Comunque la laurea l’ho presa, e quando ho deciso di cambiare la mia vita sono venuta qua, perché l’unica cosa che sapevo, oltre a fare fumetti, era la lingua italiana. Ho ricominciato a studiare e a vivere senza immaginare che avrei scritto tre libri in giapponese sulla storia italiana.
Se qualcuno mi chiede se mi piace l’Italia… devo dire che ho avuto anche tanti problemi per poter vivere qua perché sono extracomunitaria. Ho avuto anch’io grossi problemi per avere il permesso di soggiorno. Anche i Giapponesi sono extracomunitari e purtroppo tante volte ho rischiato di perdere il permesso. Ogni volta che cambiavano la legge non sapevo dove sbattere la testa. Quindi non è che o mi piace o non mi piace. Magari a voi piace l’Italia ma sicuramente vedete tante cose brutte. Io mi lamento come gli Italiani, adesso. Guardando il telegiornale dico tutto quello che dite voi.
[risate]
Roberta Tarabelli: Come è stato l’impatto concreto con la vita italiana quando ti sei trasferita qui?
Keiko Ichiguchi: A parte il problema della lingua… Voi dite abbastanza chiaramente quello che pensate. Almeno ai miei occhi, sì.

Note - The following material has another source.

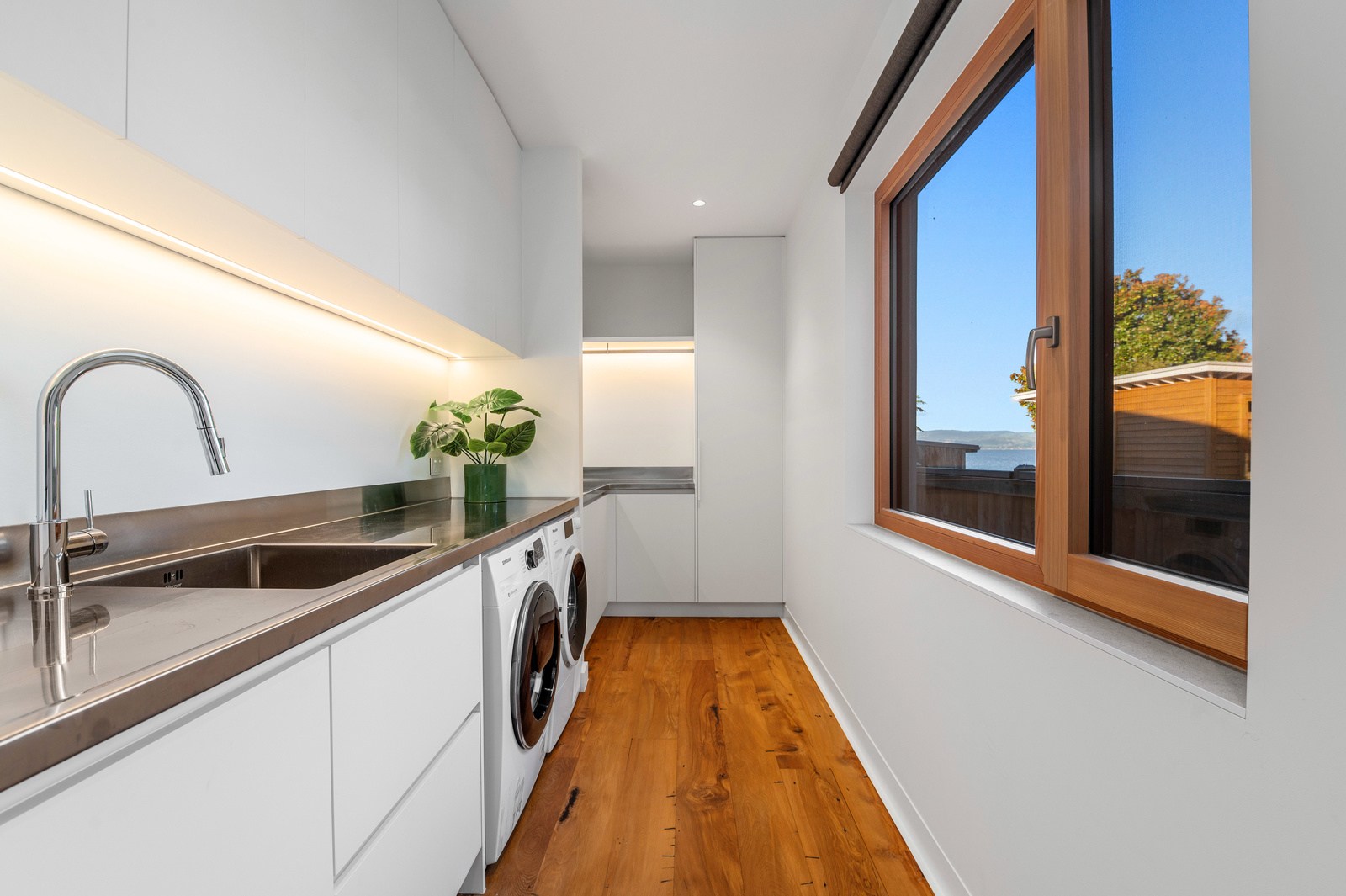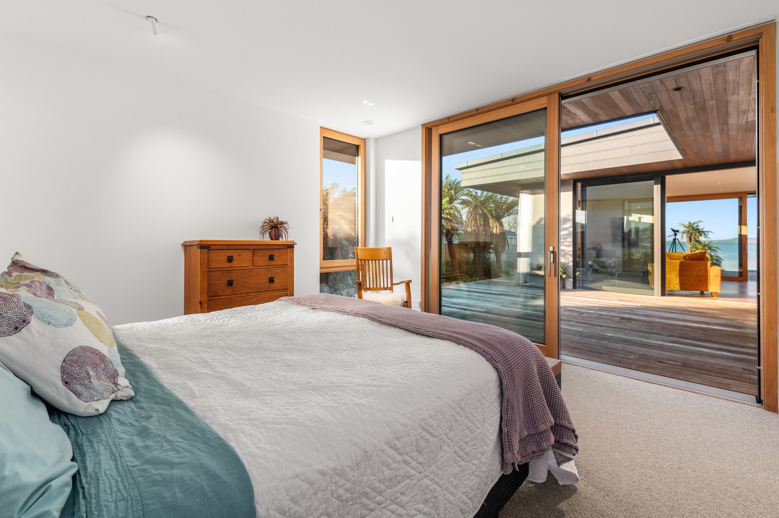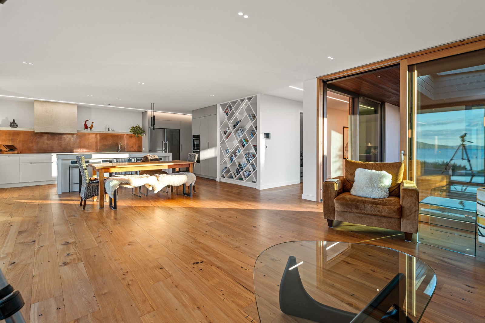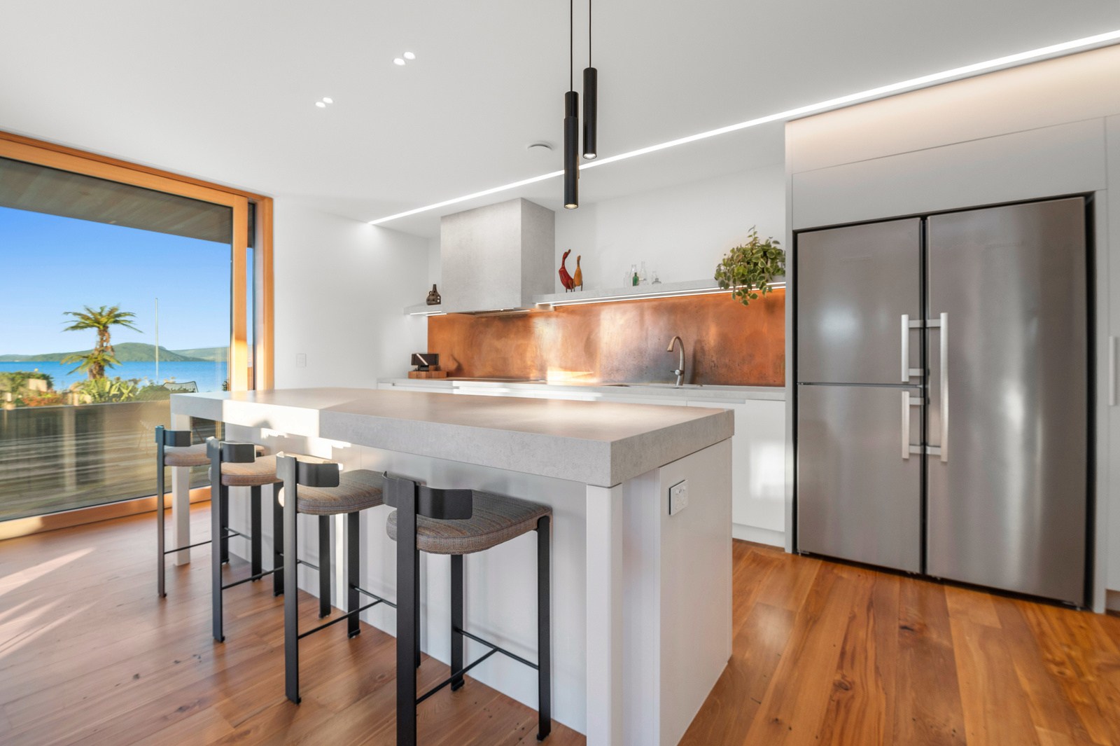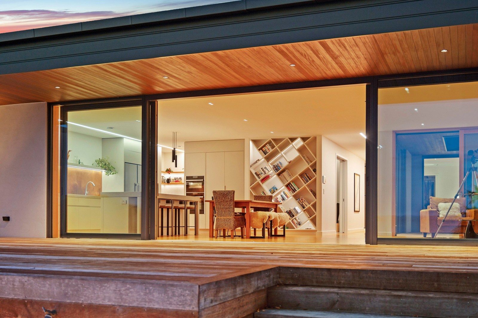 Inside, the design is contemporary and inviting. Built-in bookshelves, a copper-toned splashback and natural finishes add depth and character. The main bedroom, which also opens to that view, becomes a front-row seat to watch the shifting light. Sustainability is built in, with eHaus Euro standard, airtight construction, heat-recovery ventilation and high-performance joinery. Solar capability and smart-home integration add future-proof functionality. With its resilient materials and enduring sense of place, this home offers year-round comfort and strong design credentials in an exceptional lakeside setting.
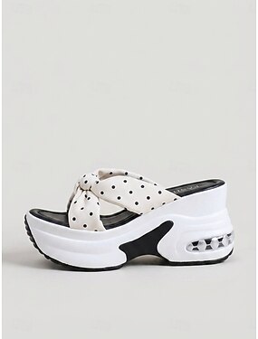Damessandalen met stippen en strik op het platform – stevige instapschoenen met sleehak, een leuke casual stijl voor buitenactiviteiten, reizen en strandwandelingen.

Dipende dalla persona, naturalmente. I Giapponesi non sono per niente bravi a esprimere se stessi con le parole. Quasi tutti i Giapponesi potrebbero avere problemi. Invece ci sono dei giapponesi che non stavano bene in Giappone perché dicevano troppe cose e qua in Italia si trovano benissimo.
Luigi Siviero: Puoi raccontarci come erano i tuoi rapporti con Tiziano Sclavi, visto che aveva fama di essere molto riservato, almeno all’esterno. Con i disegnatori com’era?
Andrea Venturi: Anzi, molto gentile. Riservato magari sì, ma poi capita spesso che fra sceneggiatore e disegnatore, visto che ognuno lavora in casa propria, ci si senta più che altro per telefono. Mi ricordo che lo incontrai alla Bonelli, al primo appuntamento per far vedere le mie prove di Dylan Dog. Fu molto gentile e informale. E’ un’atmosfera che ho trovato fin dal primo momento alla Bonelli. Nel momento in cui c’era la possibilità da parte loro di dare un po’ di lavoro e di integrarmi nello staff di Dylan Dog, il rapporto è stato molto chiaro, semplice e lineare.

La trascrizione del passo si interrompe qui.